When Feeling Numb?
You should feel something — joy, sadness, anger, anything. But there’s nothing. Just a flat gray hum, like the volume on your life has been turned down. You worry that something is broken inside you.
The Mindful Approach
Numbness is not malfunction. It’s mercy. When emotions become too much to hold, the body wisely shuts the gates. The work is not to force feelings open — it’s to thaw, slowly, in safety.
- Honor the protection. Numbness arrived because you needed it. Don’t shame it. Don’t rush it. Tell yourself: “This served me. I can let it go when I’m ready.”

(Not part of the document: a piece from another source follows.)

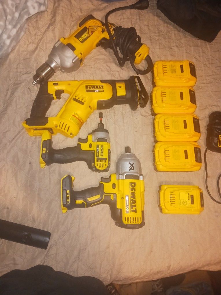 20V MAX XR Cordless Brushless 1/2 in. High Torque Impact Wrench with Detent Pin Anvil, 20V MAX Cordless Compact Reciprocating Saw, 1/2 in. VSR Pistol Grip Drill with E-Clutch Anti-Lock Control 20V MAX Cordless 1/4 in. Impact Driver DCB205BT 20V MAX* 5.0Ah XR Lithium-Ion battery with integrated Bluetooth Qty 4 20V MAX Lithium-Ion 6.0Ah Battery One dewal battery charger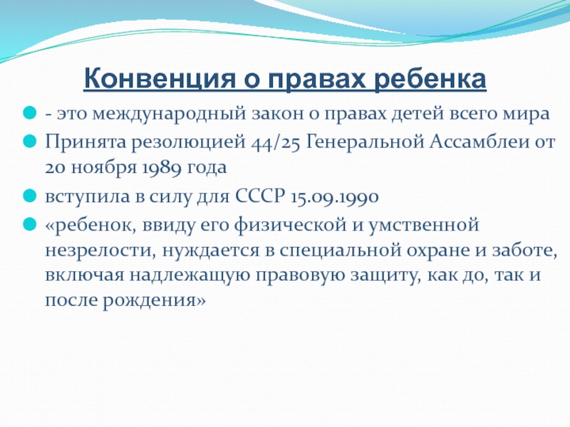 Принята резолюцией 44/25 Генеральной Ассамблеи от 20 ноября

- Reconnect through small senses. Big emotions are far away. Start with small sensations: the warmth of tea, the texture of fabric, a slow walk. Feeling returns through the body, not the mind.

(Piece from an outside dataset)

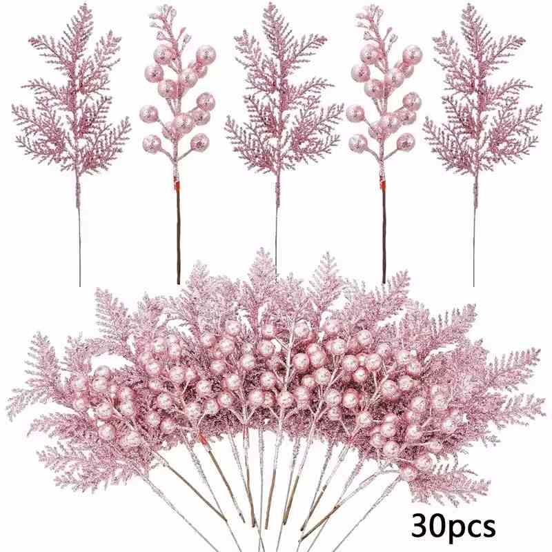 Ветки сосны и ветки с ягодами розовый 30шт, пак. 35*20см

- Lower the bar for what counts as alive. You don’t need to feel joy. You need to notice noticing. A tiny flicker of interest, a small smile at a memory — that’s the beginning. Don’t dismiss it.
A Practice for Today
Choose one ordinary thing — washing your hands, drinking water, stepping outside. Do it slowly enough to actually feel it. Don’t try to feel anything else. Numbness lifts not by force, but by patient return. Each small sensation is a candle relit in a dark room.